As 2025 shapes up to be the year in which larger organizations finally get around to (thinking about maybe) adopting AI, trust is front and center. The relatively loud concerns about hallucinations from 2023 have quieted down, but the underlying fear that AI applications can’t be trusted to provide reliable, high-quality outputs has remained. With our focus at RunLLM on building an AI Support Engineer, that means we spend a significant amount of our time thinking about how we can optimize the process of building trust with customers. If our customers don’t trust us to represent their product well, they’re simply never going to use us in front of their customers.
“Trust” sounds conceptually simple — do you believe what the AI system is telling you or not? Unfortunately, it’s more complex than that. The most important nuance is that trust is highly contextual: You would trust the best chef in the world to tell you how to make a great lasagna, but you wouldn’t immediately trust their guidance for how you should fix your car engine. In other words, just because someone has your trust in one area, that trust shouldn’t blindly be translated elsewhere.
Because general-purpose LLMs have been trained on all the data available on the internet, we pretend that they know about everything. To an extent, that’s reasonable, but we’ve also learned that we should be a little skeptical of random unvetted facts that LLMs give us. As these models are applied to more and more fields, we should switch our mindset to think about AI applications more as specialists (like a world class chef or a world class mechanical engineer) rather than as generalists who know a little bit about everything.
That puts the burden on application developers to build trust with their customers. Trust today is difficult to build — because many users are default skeptical of AI — and easy to lose. To illustrate the contextual nature of trust here, an AI application for clinical medicine should (correctly) be dramatically more careful than an application that’s optimized for vibe coding. Neither is better or worse, but the context requires a different application design.
That said, across almost any application area, there are a few guiding principles that we think everyone should be following. These are things that we’ve learned from customer feedback over the past 2 years at RunLLM. The theme that unifies all these principles is humility; you should think about how you build a system that’s humble enough to know what it doesn’t know and learn quickly — in the same way that a good employee would on your team. So let’s dive into how you build trust.

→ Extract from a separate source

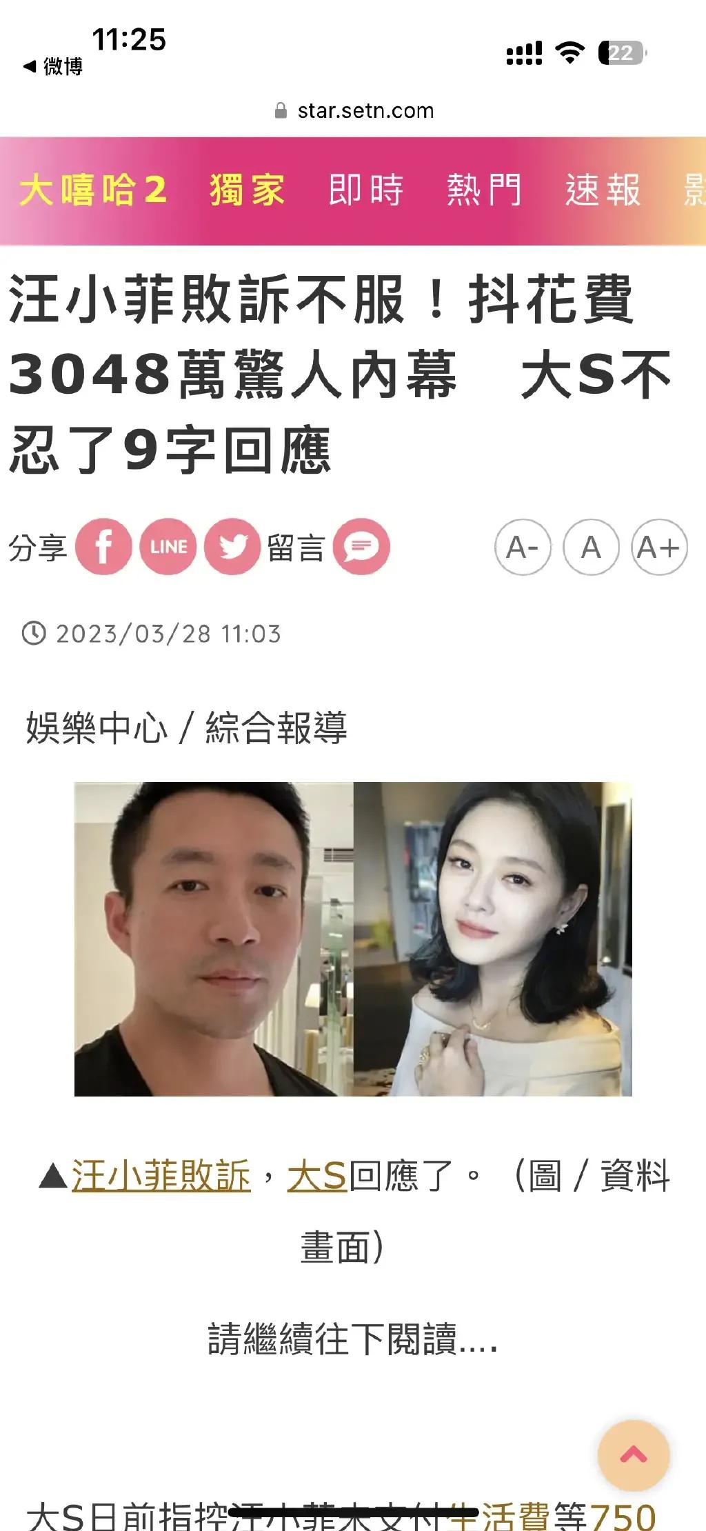 汪小菲应该想办法怎么让台湾骗子再得不到一分钱,而不是去台湾打没用的官司。在台湾被收复以前,你在全是台独分子的法庭里打官司,作为一个大陆人,能赢才是怪事。赶紧宣布你台湾的所有资产都破产吧,该卖的卖,该砸的砸。只要你在台湾没有资产,台湾的判决就是废纸一张。

First, know what you don’t know. It might sound silly, but we think that one of the most important features we have at RunLLM is our confidence in saying, “I don’t know.” Given how prevalent trust issues are, seeing an AI application say that it simply doesn’t have an answer or can’t do a task goes a long, long way towards building trust. Knowing your limits is a critical first step towards building trust.
Without getting too deep into the technical weeds, we believe you can’t rely on a single large LLM call — that simply leaves too much up to chance and increases the likelihood we provide an unreliable answer. Instead, we carefully analyze each data source we think might be relevant to a question; if we think that none of them actually help solve the problem, we never give ourselves a chance to produce a misleading answer. That confidence in “I don’t know” answers has meant that many of our customers use those answers as signposts for areas that need to be better documented.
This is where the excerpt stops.